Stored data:

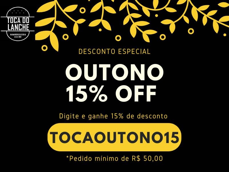 RESGATE O SEU CUPOM E GANHE 15% OFF AO FINALIZAR O SEU PEDIDO Fazendo um pedido na Toca do Lanche
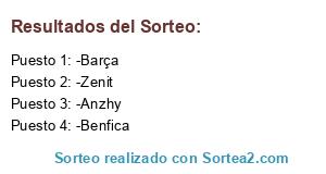 Lista de participantes: -City, -Benfica, -Anzhy, -Zenit, -Barça.
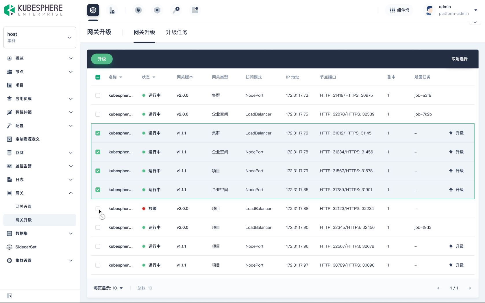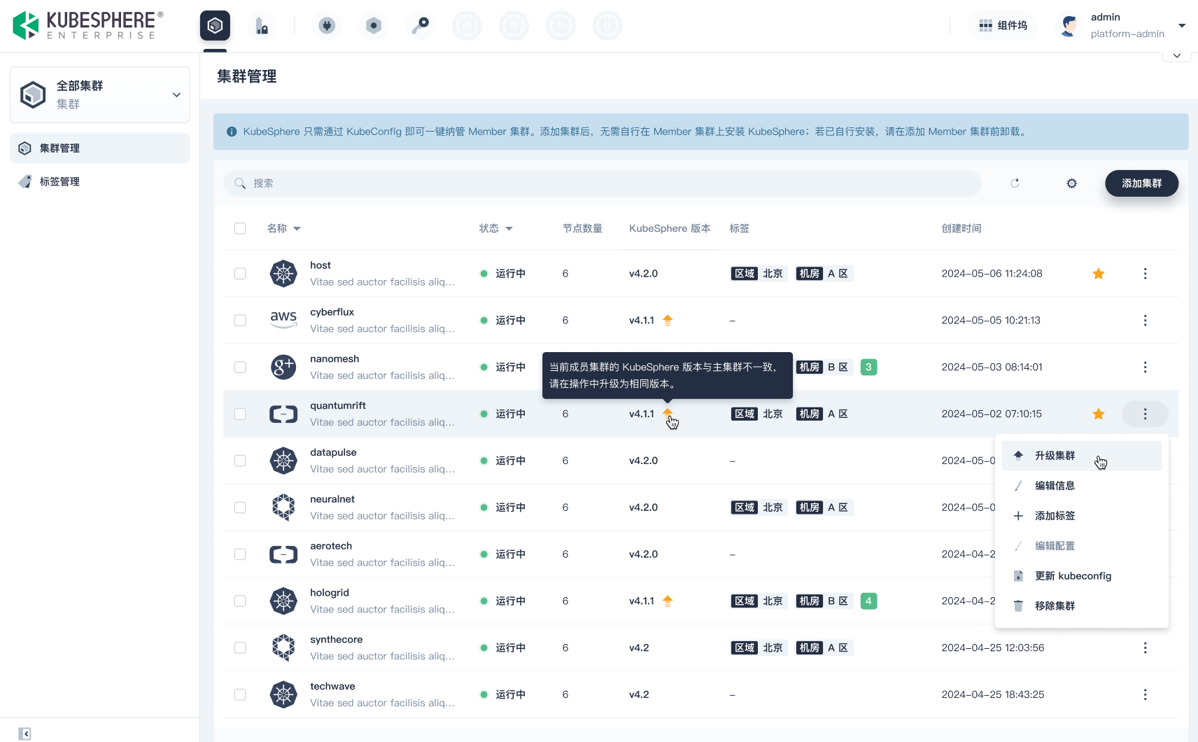 在大规模生产环境中,集群治理能力决定了平台的稳定边界与运维上限。KubeSphere v4.2.1 围绕网关平滑升级、多集群治理、节点精细化调度等方面进行针对性提升。
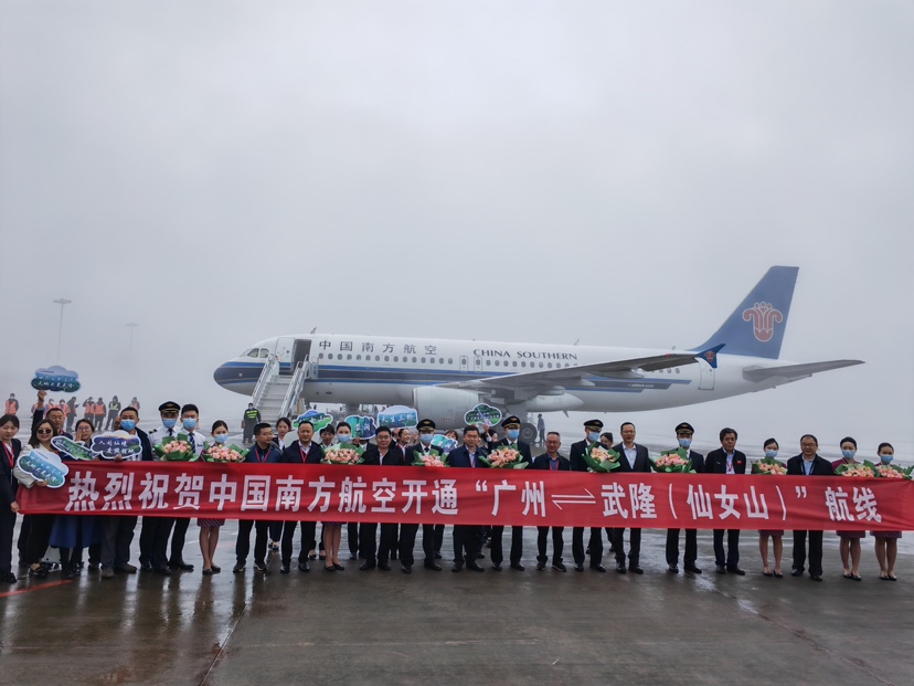 5月10日10时56分,中国南方航空CZ3229航班搭载150余名旅客从广州白云机场起飞前往重庆武隆区仙女山机场,标志着南航广州至重庆武隆直飞航线正式开通。
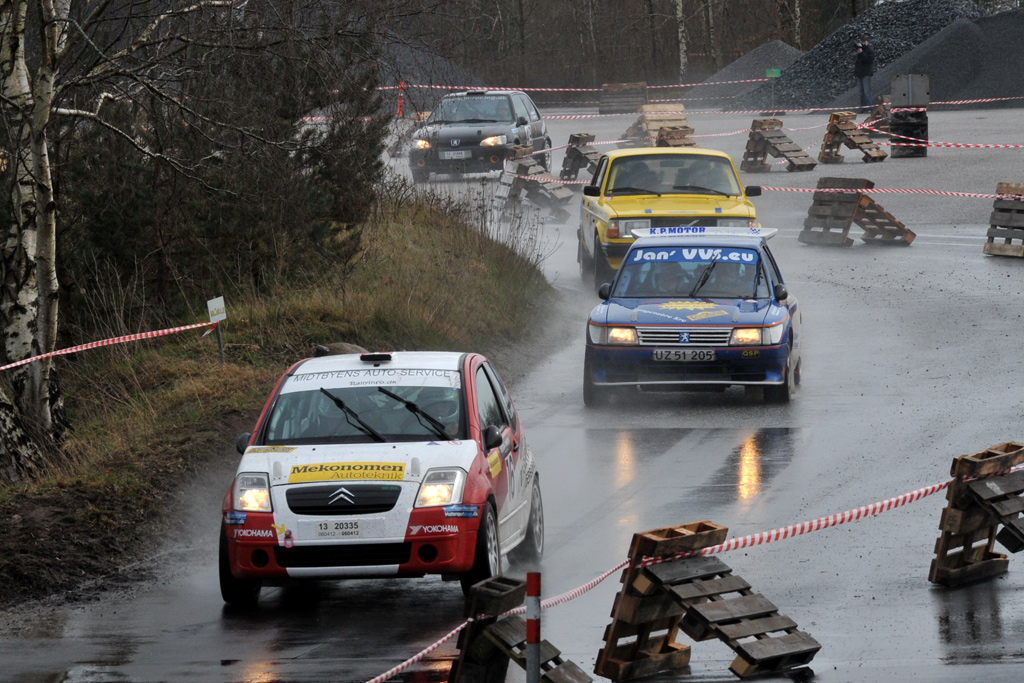 Frank Nielsen (forrest) stod for overraskelsen, da han i sin lille Citroën C2 kørte sig frem til en plads i finalen, hvor han slog en af de firhjulstrækkere, der ellers skulle kunne stå bedre fast på den våde og glatte asfalt. (Foto: Henrik Skovhuus)

Work task →
All that is wanted is the lines above between the one containing "Lista de participantes: -City, -Benfica, -Anzhy, -Zenit, -Barça." and the one containing "5月10日10时56分,中国", inclusive, restated word for word, with pictures omitted.

Result for this exercise →
 Lista de participantes: -City, -Benfica, -Anzhy, -Zenit, -Barça.
 在大规模生产环境中,集群治理能力决定了平台的稳定边界与运维上限。KubeSphere v4.2.1 围绕网关平滑升级、多集群治理、节点精细化调度等方面进行针对性提升。
 5月10日10时56分,中国南方航空CZ3229航班搭载150余名旅客从广州白云机场起飞前往重庆武隆区仙女山机场,标志着南航广州至重庆武隆直飞航线正式开通。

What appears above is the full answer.